Print all of the data exactly, but drop the pictures.

◆ Data segment
+---+
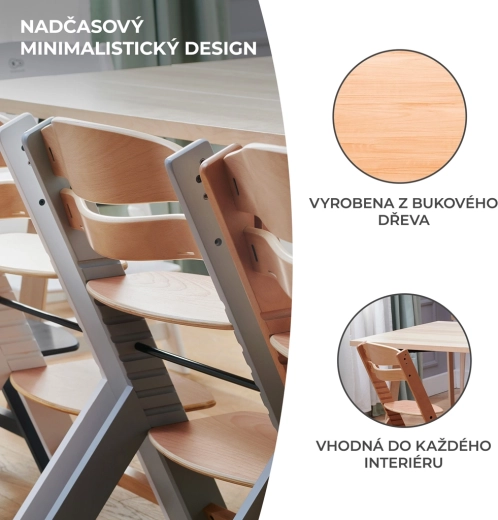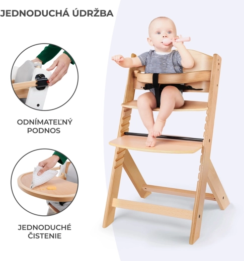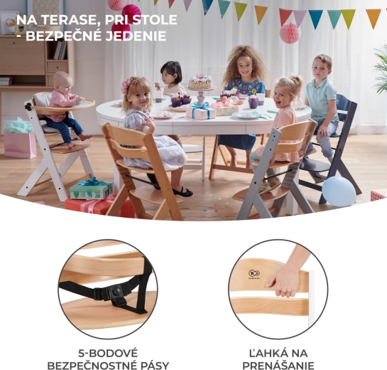Za najmlajše je na voljo širok snemljiv pladenj in tritočkovni pas, za starejše otroke pa varnostna ograja. Stolček se zlahka čisti, njegova lahka konstrukcija pa omogoča udobno prenašanje med kuhinjo, jedilnico in teraso. Minimalistična zasnova se odlično poda v skandinavske, klasične in moderne interierje.
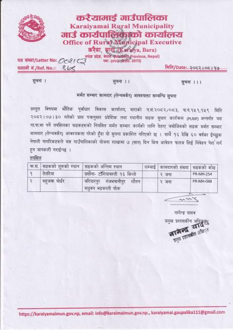 मर्मत सम्भार कामदार आवश्यक्ता सम्बन्धी सूचना
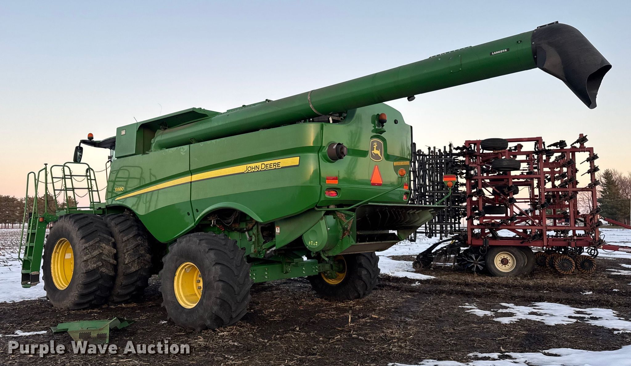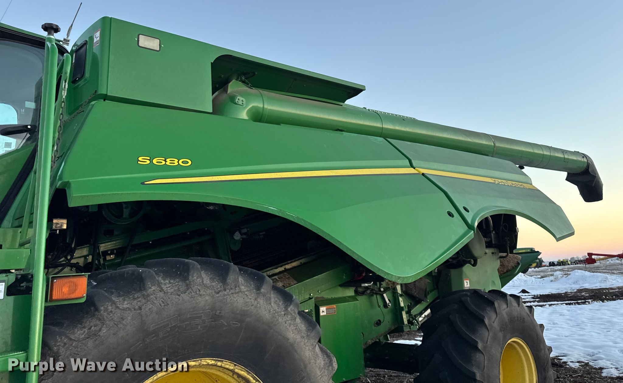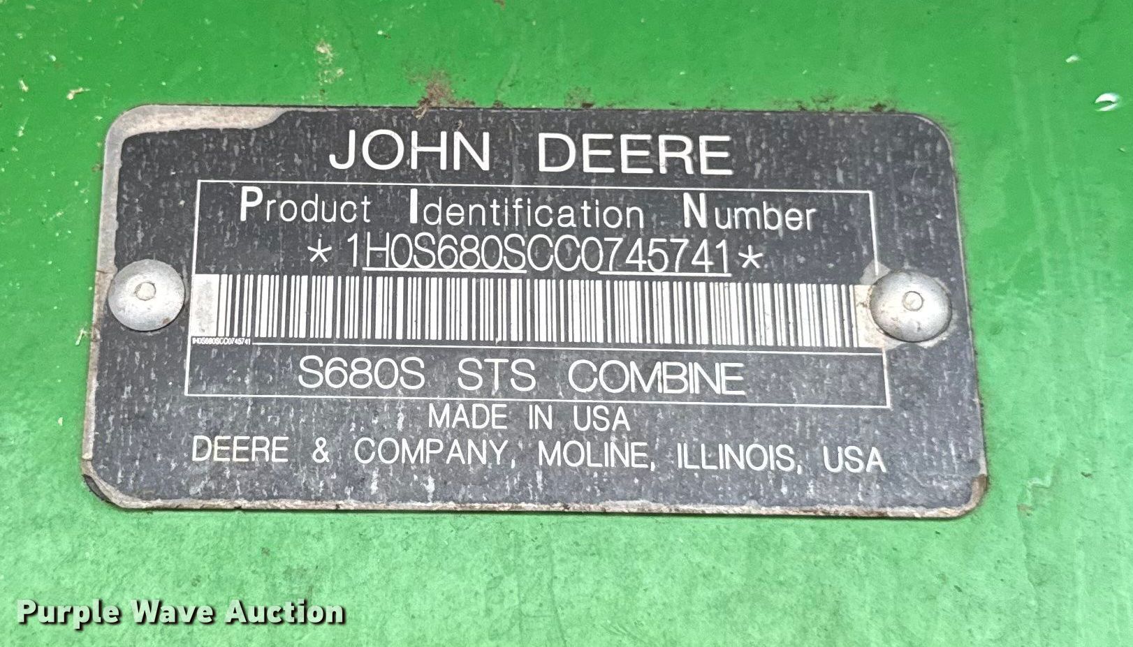 Purple Wave is selling a used Combine in Illinois. This item is a 2012 John Deere S680S STS combine with the following: Hours: Unknown, Serial: 1H0S680SCC0745741, Unit #: 96956255
+---+
◆ Exercise output
Za najmlajše je na voljo širok snemljiv pladenj in tritočkovni pas, za starejše otroke pa varnostna ograja. Stolček se zlahka čisti, njegova lahka konstrukcija pa omogoča udobno prenašanje med kuhinjo, jedilnico in teraso. Minimalistična zasnova se odlično poda v skandinavske, klasične in moderne interierje.
 मर्मत सम्भार कामदार आवश्यक्ता सम्बन्धी सूचना
 Purple Wave is selling a used Combine in Illinois. This item is a 2012 John Deere S680S STS combine with the following: Hours: Unknown, Serial: 1H0S680SCC0745741, Unit #: 96956255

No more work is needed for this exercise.